» Problem
Word for word, copy the records and drop the pictures.

Entries taken from a collection
++++++++++

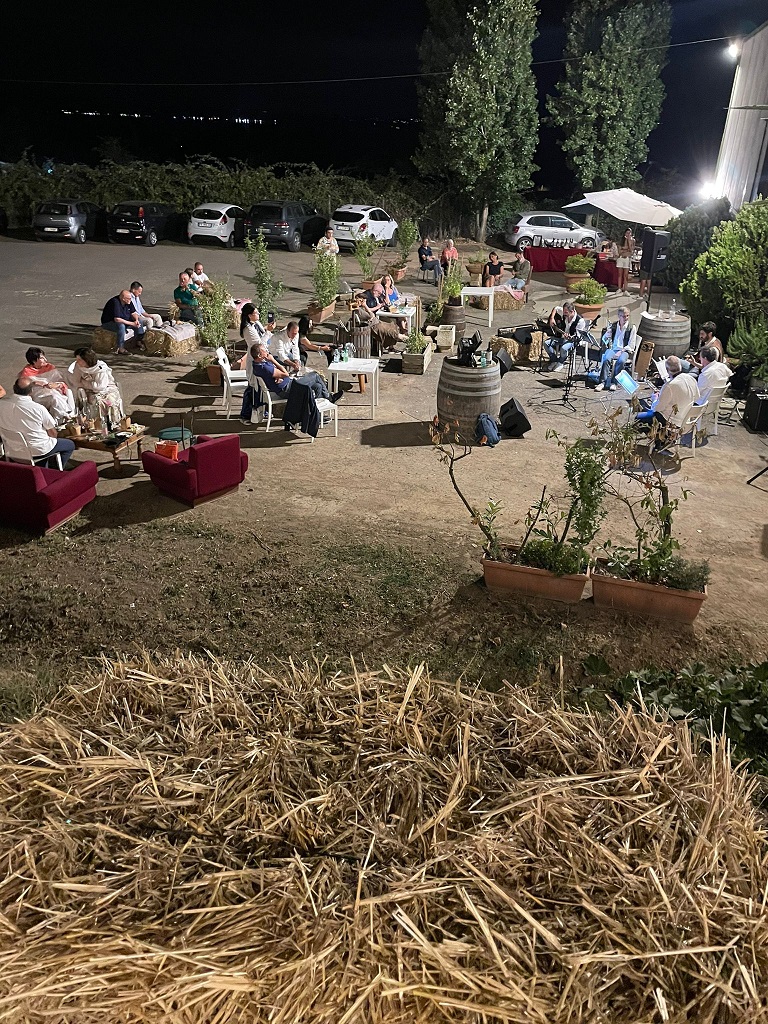 Uno scenario da film. Di quelli belli con l’aria nostalgica. Ambientata in una vigna in Borgogna o in un’altra qualsiasi regione della Francia produttrice di vini. Luci tra i grappoli ancora acerbi, balle di fieno che fanno da seduta e tavoli improvvisati da antiche botti. Mettici poi una serata estiva, le cicale ed una musica di sottofondo. Eppure tutto ciò è stata realtà ieri sera presso Le Cantine Capitani a Trevignano dove si sono riuniti una sessantina di ospiti nel rispetto del distanziamento e delle normative anticovid in vigore.
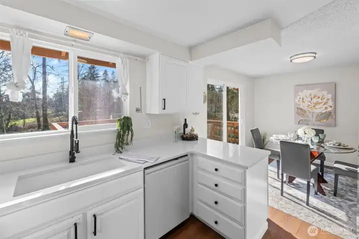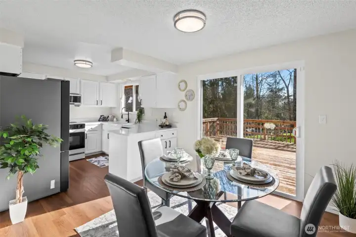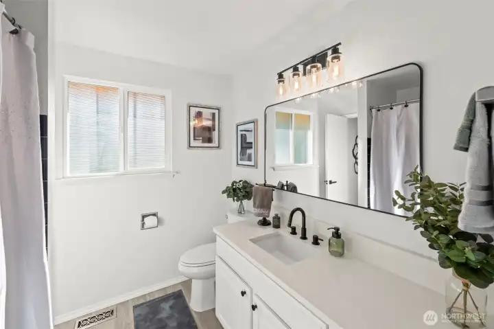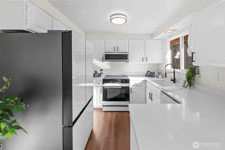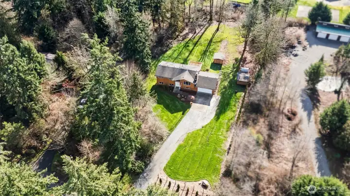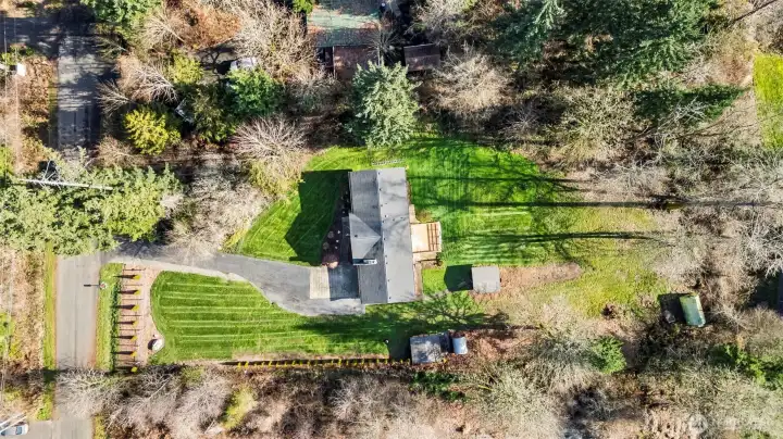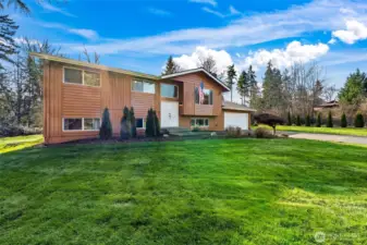 Welcome home! This split-level gem offers privacy and tranquility on nearly an acre, tucked away at the end of a quiet dead-end street. The upper level features three spacious bedrooms, a full bath, and a bright kitchen with new quartz countertops and sleek white Samsung Bespoke appliances. The living room is filled with natural daylight, perfect for relaxing, and complete with a cozy wood-burning fireplace. The lower level with an additional entrance offers outstanding versatility with separate living area, possible 4th bedroom or office, ¾ bath, and a large bonus or recreation room—ideal for entertaining or multigenerational living. Additional recent home updates include a newer furnace, windows, flooring, and wood stove. Parking is a breeze with a 2-car garage plus an extra-long driveway, perfect for an RV, boat, or additional vehicles. Outside, enjoy low-maintenance, beautifully established grounds designed to inspire gardeners, featuring two outbuildings, a greenhouse, newer fencing, and both a patio and deck for seamless outdoor entertaining. Conveniently located near I-5, Hwy 512, JBLM, shopping, dining, and freeway access, this private retreat offers space and convenience—all without an HOA. A rare opportunity you won’t want to miss!
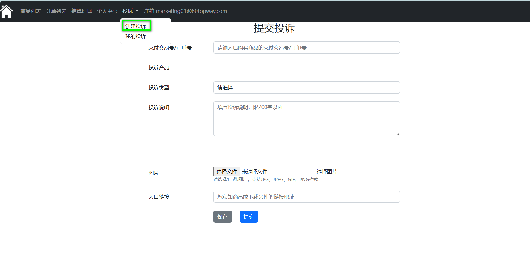 1. 注册登录帮您发发官网,在菜单栏中点击投诉--创建投诉,可在创建投诉填写相应内容、投诉说明、证明图片等信息。填写完成后点击保存提交。
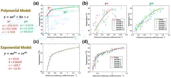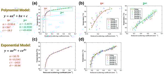 Fitting (a) polynomial model and (c) exponential model to measured DOT data of chicken breast muscle tissues. Comparison between the temperatures calculated/predicted by (b) polynomial and (d) exponential methods (solid line) and those measured by a thermometer (scattered points) as a function of .
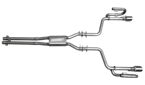 Premium Quality Build. This exhaust kit from T304 stainless steel and features T409 mandrel bent construction for the exhaust pipe. The 2-1/4-inch pipe diameter allows this system to flow freely and produces an aggressive sound without being too loud. The Mach-x design mid muffler helps cancel out any unwanted frequencies while the free-flow exhaust ensures efficient gas flow. Plus, this system comes with solo j-pipes for even more performance gains. And best of all, it has a polished finish that will look great on your car!
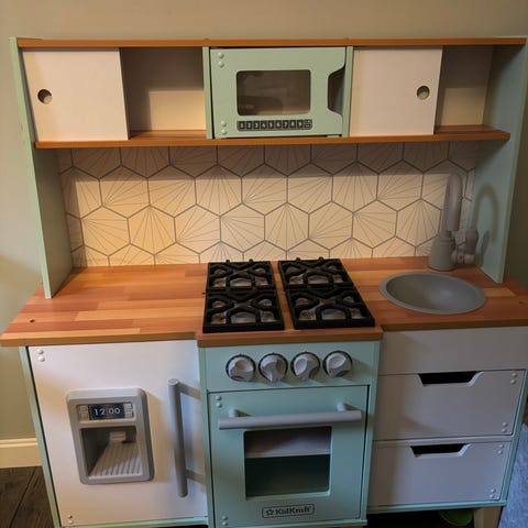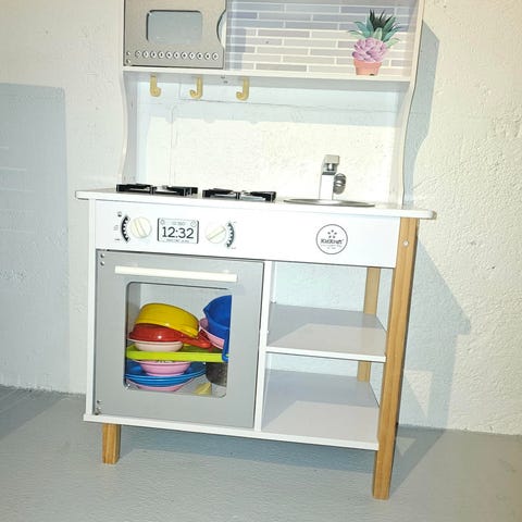 Jollyroom lekekjøkken i tre med hvit og naturlig trefarge. Inkluderer kokeplater, ovn, vask og hyller for oppbevaring. Egnet for barn som ønsker å leke og utvikle rollelekferdigheter.
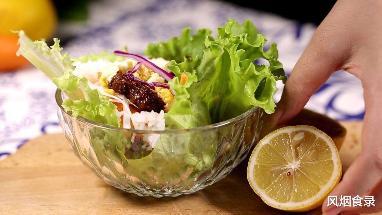 现炒现做,白米饭混着鱿鱼、虾米、腊肠、坡芹等十来种料,生菜叶一裹,咬下去米香、肉香、菜汁香在嘴里打转,软糯中带点脆,咸淡刚好。
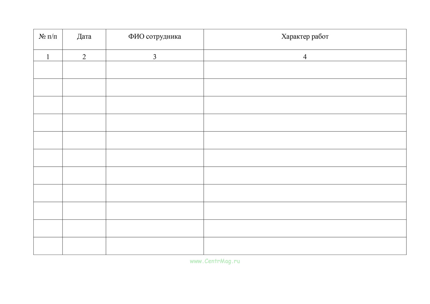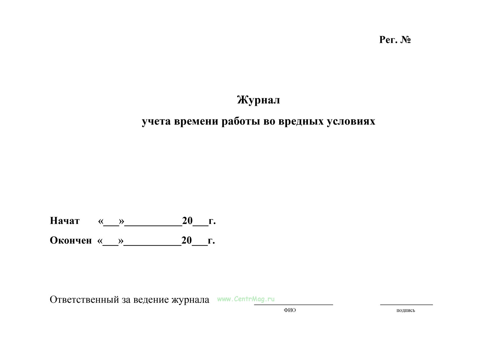 Журнал учета времени работы во вредных условиях
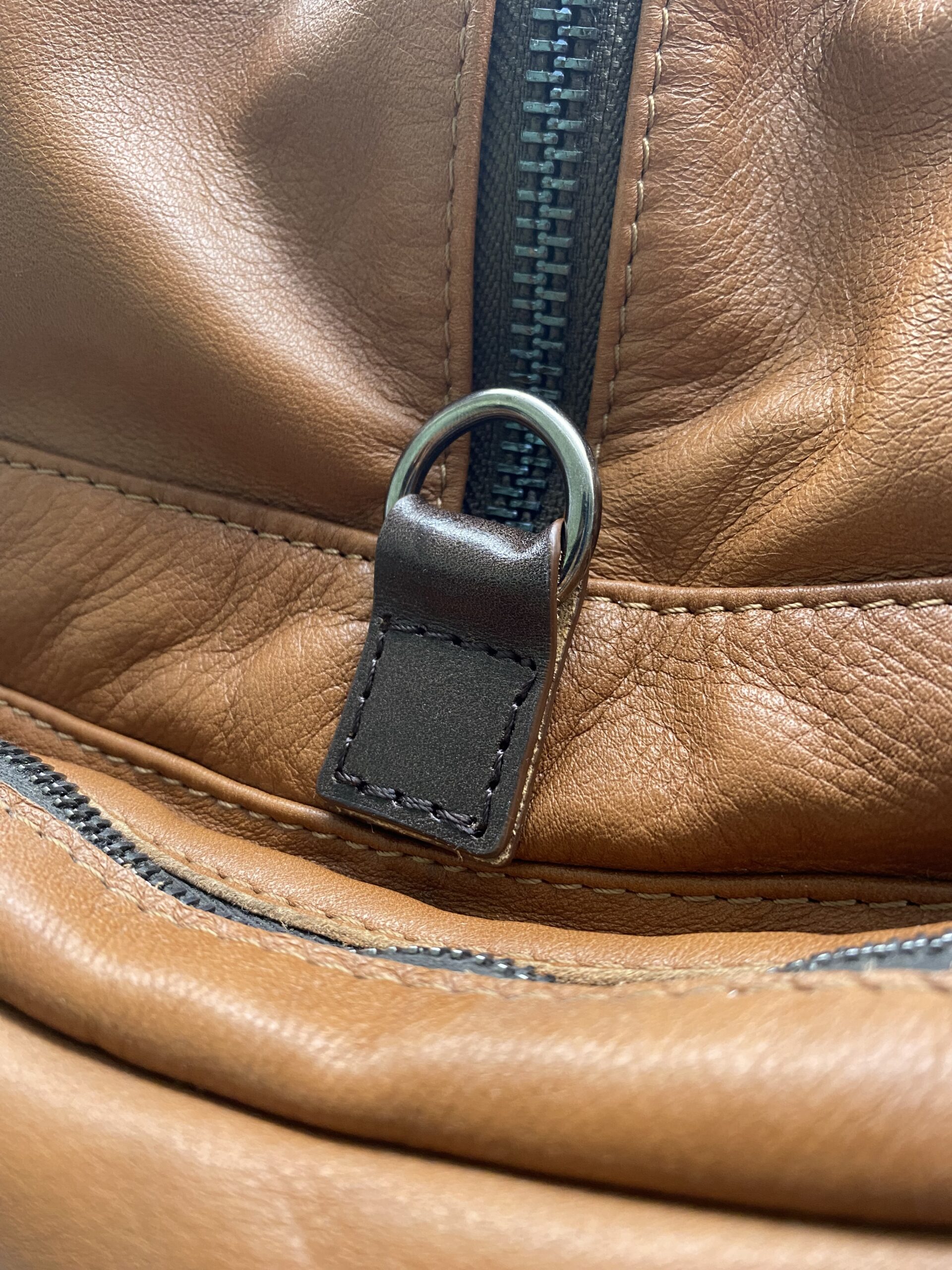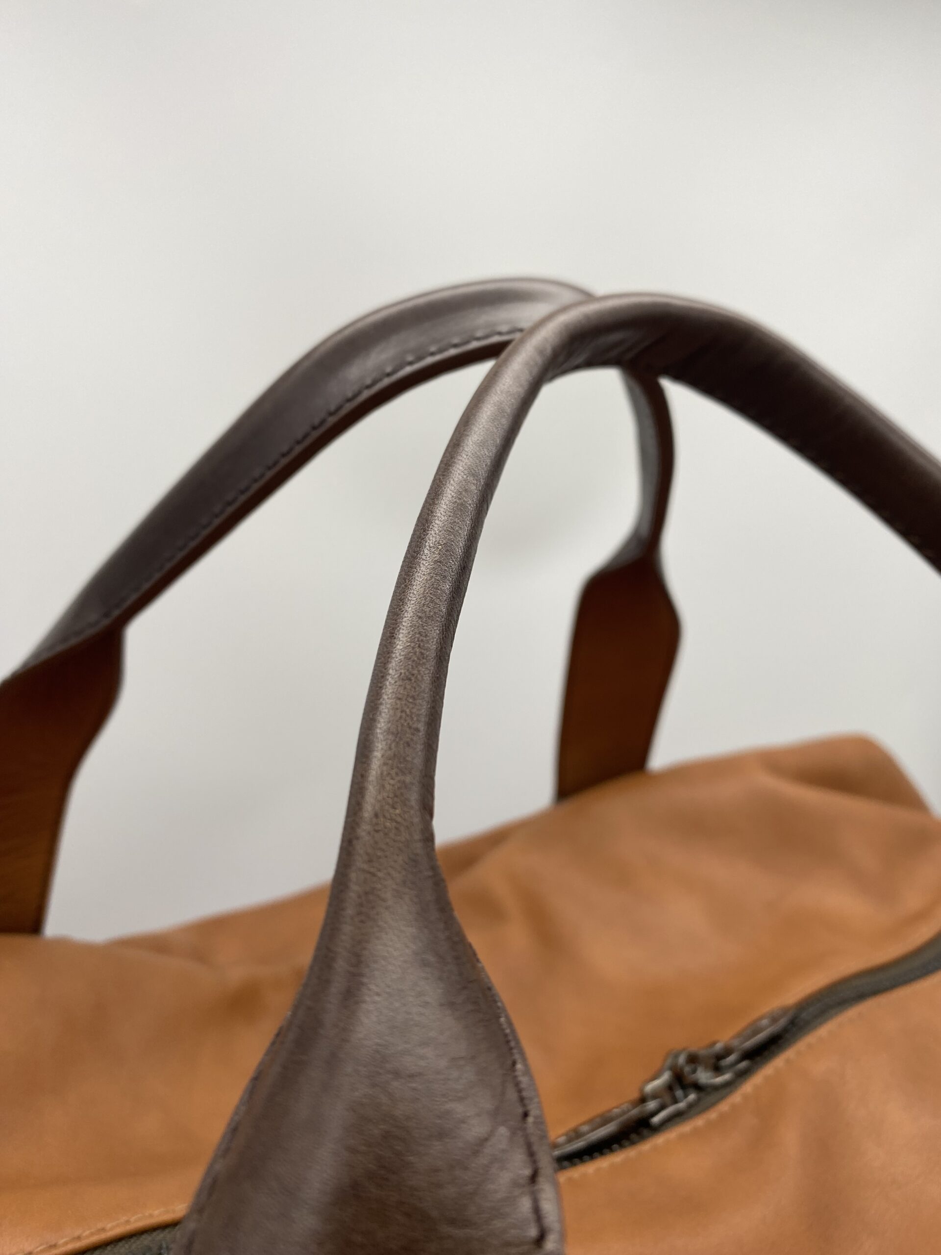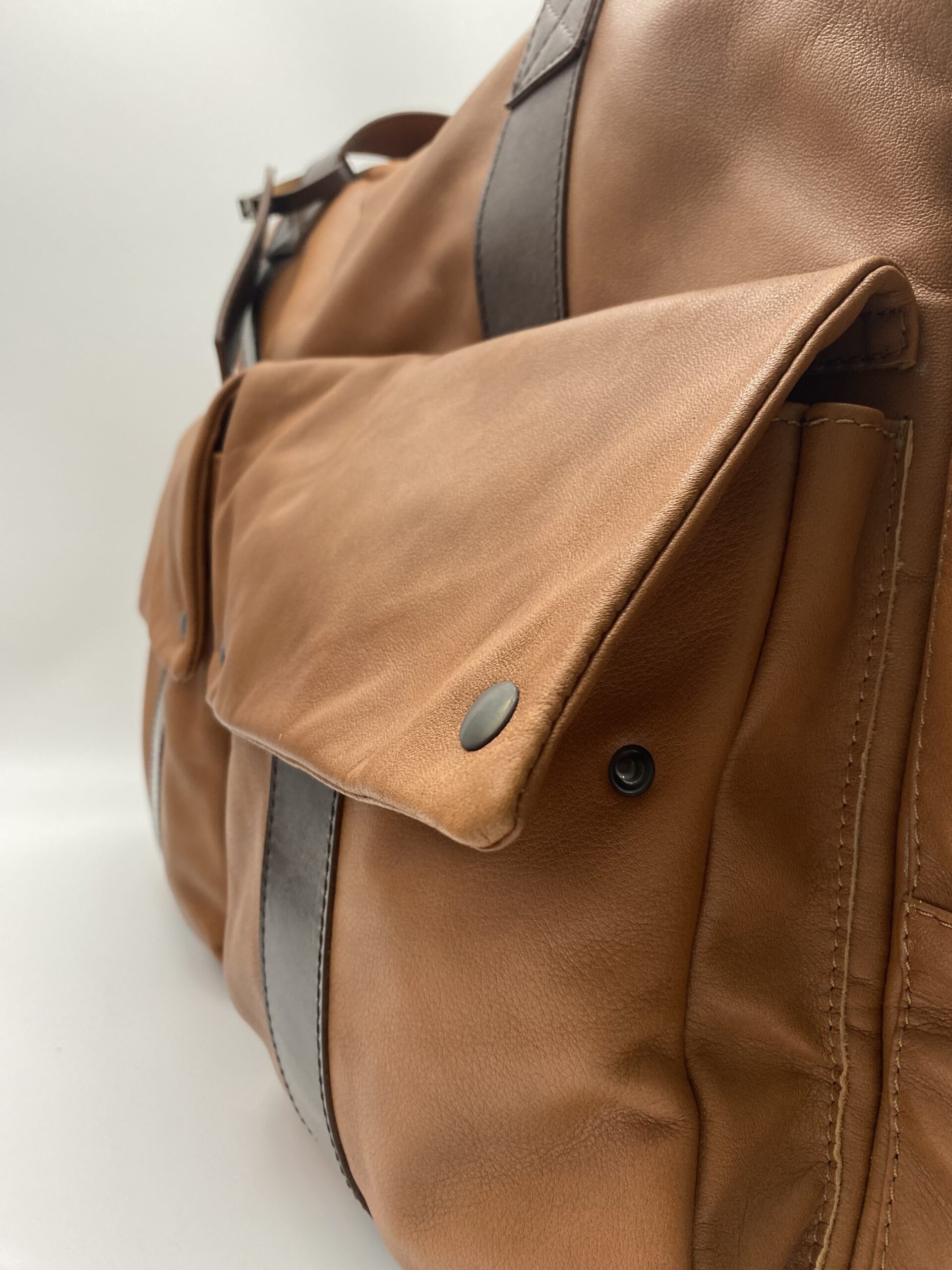 Borsa da viaggio unica realizzata in vera pelle morbida colore cuoio con inserti in cuoio testa moro.
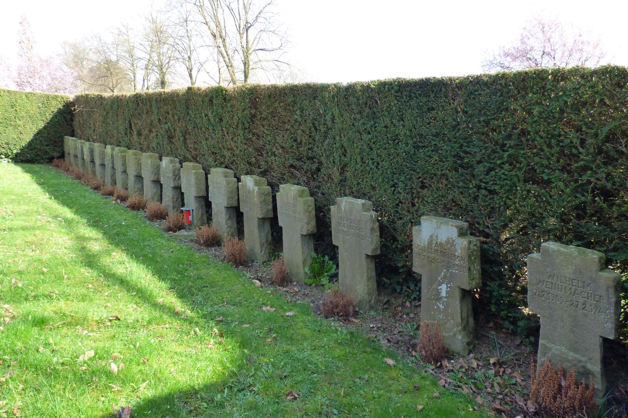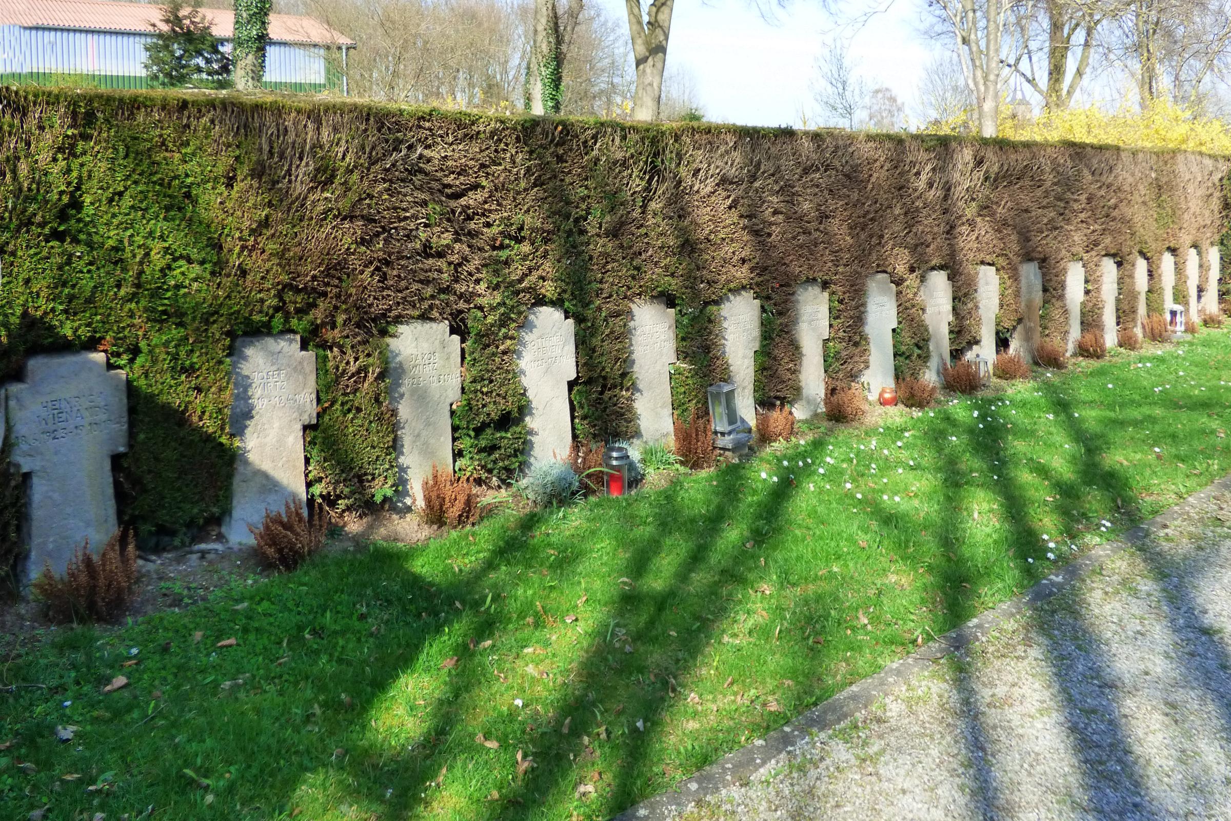 Standort: Der Ehrenfriedhof befindet sich auf dem Friedhof an der Glockenlandstraße, im Stadtteil Dremmen in der Stadt Heinsberg. Er ist Bestandteil der Friedhofanlage Beschreibung: Auf dem Ehrenfriedhof stehen in zwei Grabreihen 31 Grabkreuze von 30 deutschen und 1 niederländischer Kriegstoten des Ersten (9 Tote) und Zweiten Weltkrieges (22 Tote), die hier ihre letzte Ruhe fanden. Quellenhinweis * Kriegsgräberstätte in Dremmen (Volksbund Deutsche Kriegsgräberfürsorge e.V.) * Gefallenendenkmäler in Dremmen (Onlineobjekt Gefallenendenkmäler)

++++++++++

» Expected answer
 Uno scenario da film. Di quelli belli con l’aria nostalgica. Ambientata in una vigna in Borgogna o in un’altra qualsiasi regione della Francia produttrice di vini. Luci tra i grappoli ancora acerbi, balle di fieno che fanno da seduta e tavoli improvvisati da antiche botti. Mettici poi una serata estiva, le cicale ed una musica di sottofondo. Eppure tutto ciò è stata realtà ieri sera presso Le Cantine Capitani a Trevignano dove si sono riuniti una sessantina di ospiti nel rispetto del distanziamento e delle normative anticovid in vigore.
 Welcome home! This split-level gem offers privacy and tranquility on nearly an acre, tucked away at the end of a quiet dead-end street. The upper level features three spacious bedrooms, a full bath, and a bright kitchen with new quartz countertops and sleek white Samsung Bespoke appliances. The living room is filled with natural daylight, perfect for relaxing, and complete with a cozy wood-burning fireplace. The lower level with an additional entrance offers outstanding versatility with separate living area, possible 4th bedroom or office, ¾ bath, and a large bonus or recreation room—ideal for entertaining or multigenerational living. Additional recent home updates include a newer furnace, windows, flooring, and wood stove. Parking is a breeze with a 2-car garage plus an extra-long driveway, perfect for an RV, boat, or additional vehicles. Outside, enjoy low-maintenance, beautifully established grounds designed to inspire gardeners, featuring two outbuildings, a greenhouse, newer fencing, and both a patio and deck for seamless outdoor entertaining. Conveniently located near I-5, Hwy 512, JBLM, shopping, dining, and freeway access, this private retreat offers space and convenience—all without an HOA. A rare opportunity you won’t want to miss!
 1. 注册登录帮您发发官网,在菜单栏中点击投诉--创建投诉,可在创建投诉填写相应内容、投诉说明、证明图片等信息。填写完成后点击保存提交。
 Fitting (a) polynomial model and (c) exponential model to measured DOT data of chicken breast muscle tissues. Comparison between the temperatures calculated/predicted by (b) polynomial and (d) exponential methods (solid line) and those measured by a thermometer (scattered points) as a function of .
 Premium Quality Build. This exhaust kit from T304 stainless steel and features T409 mandrel bent construction for the exhaust pipe. The 2-1/4-inch pipe diameter allows this system to flow freely and produces an aggressive sound without being too loud. The Mach-x design mid muffler helps cancel out any unwanted frequencies while the free-flow exhaust ensures efficient gas flow. Plus, this system comes with solo j-pipes for even more performance gains. And best of all, it has a polished finish that will look great on your car!
 Jollyroom lekekjøkken i tre med hvit og naturlig trefarge. Inkluderer kokeplater, ovn, vask og hyller for oppbevaring. Egnet for barn som ønsker å leke og utvikle rollelekferdigheter.
 现炒现做,白米饭混着鱿鱼、虾米、腊肠、坡芹等十来种料,生菜叶一裹,咬下去米香、肉香、菜汁香在嘴里打转,软糯中带点脆,咸淡刚好。
 Журнал учета времени работы во вредных условиях
 Borsa da viaggio unica realizzata in vera pelle morbida colore cuoio con inserti in cuoio testa moro.
 Standort: Der Ehrenfriedhof befindet sich auf dem Friedhof an der Glockenlandstraße, im Stadtteil Dremmen in der Stadt Heinsberg. Er ist Bestandteil der Friedhofanlage Beschreibung: Auf dem Ehrenfriedhof stehen in zwei Grabreihen 31 Grabkreuze von 30 deutschen und 1 niederländischer Kriegstoten des Ersten (9 Tote) und Zweiten Weltkrieges (22 Tote), die hier ihre letzte Ruhe fanden. Quellenhinweis * Kriegsgräberstätte in Dremmen (Volksbund Deutsche Kriegsgräberfürsorge e.V.) * Gefallenendenkmäler in Dremmen (Onlineobjekt Gefallenendenkmäler)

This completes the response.